A captcha decoder for the Taiwan Railways Administration (TRA) online booking system.
Use pip to install:
pip install git+https://github.com/bhomnick/tra-captcha.git
How to use
For most use cases, the default settings should give reasonable results (~40% accuracy).
>>> from decoder import Captcha >>> Captcha('tests/captchas/c6.jpeg').decode() '56354'
You can also tweak parameters of the decoder to better fit the particular captcha you're decoding.
>>> from decoder import Captcha >>> Captcha( ... 'tests/captchas/c6.jpeg', ... max_chars=6, ... min_similarity=0.5, ... max_guesses=3, ... min_feature_pixels=50, ... channels=50, ... min_color=10, ... max_color=100, ... rank_size=3, ... rank_value=2 ... ).decode() '56354'
These parameters are accepted:
- max_chars: The maximum number of characters in a captcha.
- min_similarity: The minimum similarity (between 0 and 1) to consider for a guessed character.
- max_guesses: The maximum number of guesses to return for each character.
- min_feature_pixels: The minimum number of pixels a feature must have to be considered for guessing.
- channels: Number of prominent colors to retain.
- min_color: The minimum color value (8 bit palette) to retain.
- max_color: The maximum color value (8 bit palette) to retain.
- rank_size: Rank filter kernel size. Set to 0 to skip filtering.
- rank_value: Rank filter pixel value to keep.

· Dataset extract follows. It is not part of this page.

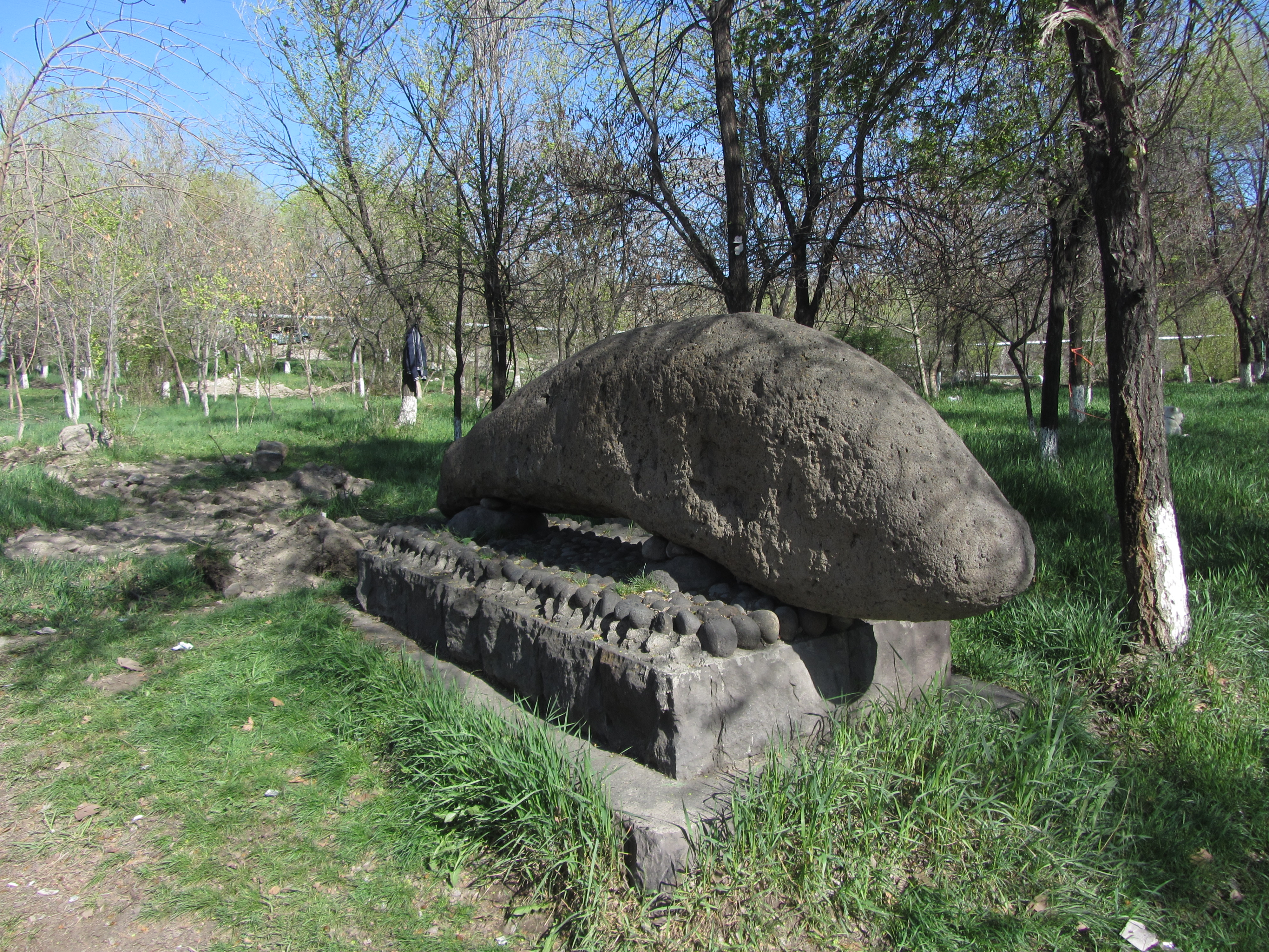 Dragonstone from Geghama mountains 8/18

More data about guesses can also be returned by calling decode with the
>>> from decode import Captcha >>> from pprint import pprint >>> result = Captcha('tests/captchas/c6.jpeg').decode(flat=False) >>> pprint(result) [[('5', 0.9372757538632674), ('5', 0.9077552576785975)], [('6', 0.9249166113296302), ('6', 0.8988542325080914)], [('3', 0.944459019541777), ('3', 0.925381741885044)], [('5', 0.9085860877290735), ('5', 0.8802395209580839)], [('4', 0.858116330321033), ('4', 0.8239120910959047)]]
Inspired by @mkarpeles's more generic captcha-decoder which is in turn based off work by @boyter.